# best spotting scope for big game



## hazmat (Apr 23, 2009)

I was wondering from some of you experts optics guys out there. What spotting scope would you recommend. I am not going to spend 2k dollars on one I think 1k is my max that i want to spend.what would you guys reccomend. This spotter will be strictly for spotting animals in the western states from a far and adding a phone skope to take pictures.is vortex any good or are they all hype. I heard excellent reviews about the Redfield rampage but it's alot cheaper get what you pay for scenerio kind of scares me and i dont want to buy another one for a while.whats your thoughts. This forum seamed kind of slow let's hear some thoughts


----------



## hazmat (Apr 23, 2009)

What about alpen. Or celestron


----------



## DallanC (Jan 13, 2009)

Around 1k... i'd go get a demo Vortex Razor from CameralandNY.


-DallanC


----------



## Matapatos (Dec 2, 2012)

A bit more info: Is it a scope you'll be packing? Are you looking at a weight range? Which mm are you looking for? Are you trying to narrow down a manufacturer first? 

I am all over Vortex. I have their Viper HD right now and am looking at upgrading to their small Razor. They are a great scope for the money and their warranty can't be beat. Narrowing down the model will be tougher, but they are a great place to start.


----------



## hazmat (Apr 23, 2009)

Matapatos said:


> A bit more info: Is it a scope you'll be packing? Are you looking at a weight range? Which mm are you looking for? Are you trying to narrow down a manufacturer first?
> 
> I am all over Vortex. I have their Viper HD right now and am looking at upgrading to their small Razor. They are a great scope for the money and their warranty can't be beat. Narrowing down the model will be tougher, but they are a great place to start.


Looking for a 20x60x80 preferably but I am open. As far as packing it will be used alot for sitting at my cabin retreat snapping photos of elk deer moose bear. From 1000 yards and beyond. But I will be packing it in the back pack on occasions but not on any over nighters or pack trips. I am looking into some high powered binocs for that


----------



## hazmat (Apr 23, 2009)

hazmat said:


> Looking for a 20x60x80 preferably but I am open. As far as packing it will be used alot for sitting at my cabin retreat snapping photos of elk deer moose bear. From 1000 yards and beyond. But I will be packing it in the back pack on occasions but not on any over nighters or pack trips. I am looking into some high powered binocs for that


But don't get me wrong I will be packing it for scouting trips


----------



## bugchuker (Dec 3, 2007)

Ask springvilleshooter about his Kowa, its a lot better than the Viper HD for just a little more money.


----------



## DallanC (Jan 13, 2009)

bugchuker said:


> Ask springvilleshooter about his Kowa, its a lot better than the Viper HD for just a little more money.

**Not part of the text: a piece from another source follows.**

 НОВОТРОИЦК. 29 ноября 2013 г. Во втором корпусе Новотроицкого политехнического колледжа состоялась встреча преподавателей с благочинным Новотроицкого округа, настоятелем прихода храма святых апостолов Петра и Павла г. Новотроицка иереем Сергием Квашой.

Correct me if I'm wrong, but isnt Kowa the leader of the big 3 ?? Doesn't it go:

Kowa > Swarovski > Leica > others. I've looked through Kowa side by side a Swarovski and the Kowa was amazing.

-DallanC


----------



## bugchuker (Dec 3, 2007)

Kowa might be as good, but cost's a fraction of the Swaros and Leica.


----------



## Springville Shooter (Oct 15, 2010)

My Kowa is amazing. After years of hard use it still holds up against the best glass out there. I haven't been in the market for a while so I don't know about prices but if you can find a Kowa in your price range I wouldn't shy away. ------SS


----------



## hazmat (Apr 23, 2009)

well I pulled the trigger and went with the vortex viper hd 20 60x80. I got it for 800$ so now I can still afford some 15x binoculars gonna be a good year for spotting some critters thanks for the replies


----------



## ridgetop (Sep 13, 2007)

hazmat said:


> well I pulled the trigger and went with the vortex viper hd 20 60x80. I got it for 800$ so now I can still afford some 15x binoculars gonna be a good year for spotting some critters thanks for the replies


Hope it works out well for you. 
Hawke optics is another good option that could have been looked at.


----------



## hazmat (Apr 23, 2009)

ridgetop said:


> Hope it works out well for you.
> Hawke optics is another good option that could have been looked at.


Come to find out amazon was out of stock at that price so I am back on the market. I will look into it.


----------



## bugchuker (Dec 3, 2007)

I have a Vortex Viper HD 20x60x80, I bought it last June Ill sell it to you for $800


----------



## hazmat (Apr 23, 2009)

bugchuker said:


> I have a Vortex Viper HD 20x60x80, I bought it last June Ill sell it to you for $800


How come you are selling.


----------



## bugchuker (Dec 3, 2007)

I have a smaller 15-45x60 that fits in my pack better. I bought it thinking it would work in the pack, but its a pain.


----------



## hazmat (Apr 23, 2009)

hazmat said:


> Come to find out amazon was out of stock at that price so I am back on the market. I will look into it.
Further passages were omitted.